4 El apellido de Freud está escrito así con minúscula en el texto citado, pues todas las palabras que debieran estar con mayúscula ahí están impresas con minúscula; asimismo, no se usa ningún signo ortográfico (comas u otros).

5 «El amor es un tipo especial de trabajo creador. Claro que sí, el amor se expresa de manera privilegiada en el campo de los afectos y en la dinámica relacional de los sentimientos, pero el amor se expresa fundamentalmente en la dimensión de los proyectos existenciales compartidos, como expresión especial de sabiduría solidaria: bondad y ternura, compasión militante. La que recibe más atención, muchas veces injustificadamente, es la relación de pareja, a sabiendas que hay múltiples formas y modos de amar; sin embargo, lo más generalizado, es la búsqueda de lo más próximo al “amor incondicional”: la relación entre una madre y una hija. En tal sentido, si el amor se entiende como un trabajo creador especial es fundamental comprender la importancia estratégica de desarrollar competencias amatorias, pues el amor como “trabajo creador” implica la capacidad personal de suscitar en la persona amada lo mejor de sí misma» (Ricardo Oliveros Mejía, texto tomado de la Internet).

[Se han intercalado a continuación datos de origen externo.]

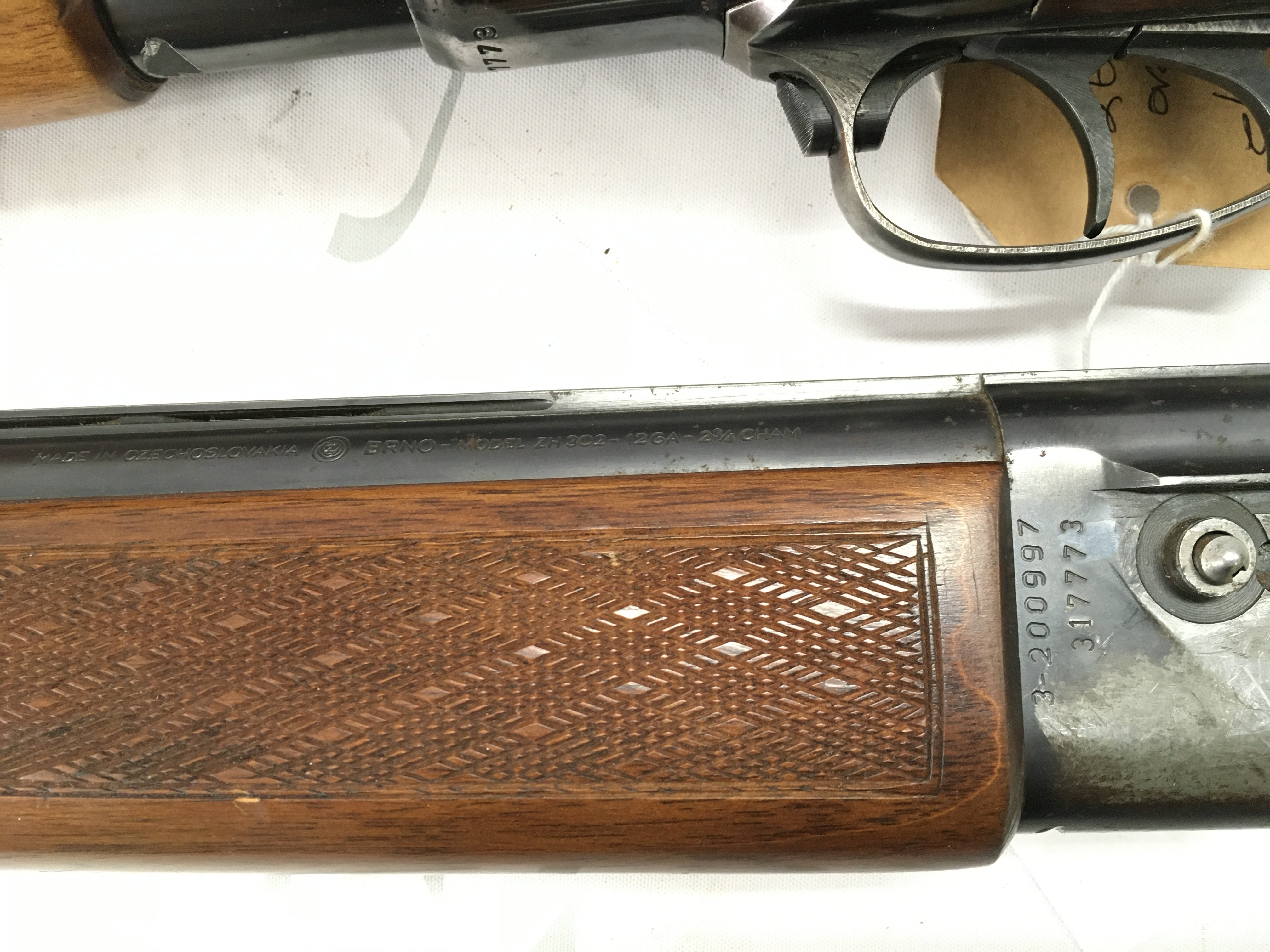 A 12bore over and under shot gun walnut stock with double trigger and ejector fixed choke R/H with a spare set of barrels maker Brno model ZH303. Serial number 317773. PLEASE NOTE THAT A SHOTGUN LICENSE IS REQUIRED TO PURCHASE THIS ITEM. VIEWING AND COLLECTING IS BY APPOINTMENT ONLY.

6 Dice Susti: «La primera oración (“La mujer de mi padre está enamorada de mí, viniendo y avanzando de espaldas a mi nacimiento y de pecho a mi muerte”) supone una temporalidad anterior al nacimiento del hijo, lo cual conlleva a anular la identificación del sujeto poético como “hijo” (…)» (Ibíd.).

Referencias bibliográficas

Benedetti, Mario (1971). El cumpleaños de Juan Ángel. Montevideo: Biblioteca de Marcha.

García Márquez, Gabriel (1986). Cien años de soledad. Bogotá: Oveja Negra.

Susti, Alejandro et. alt. (2010). Umbrales y márgenes. El poema en prosa en el Perú contemporáneo. Lima: Universidad de Lima.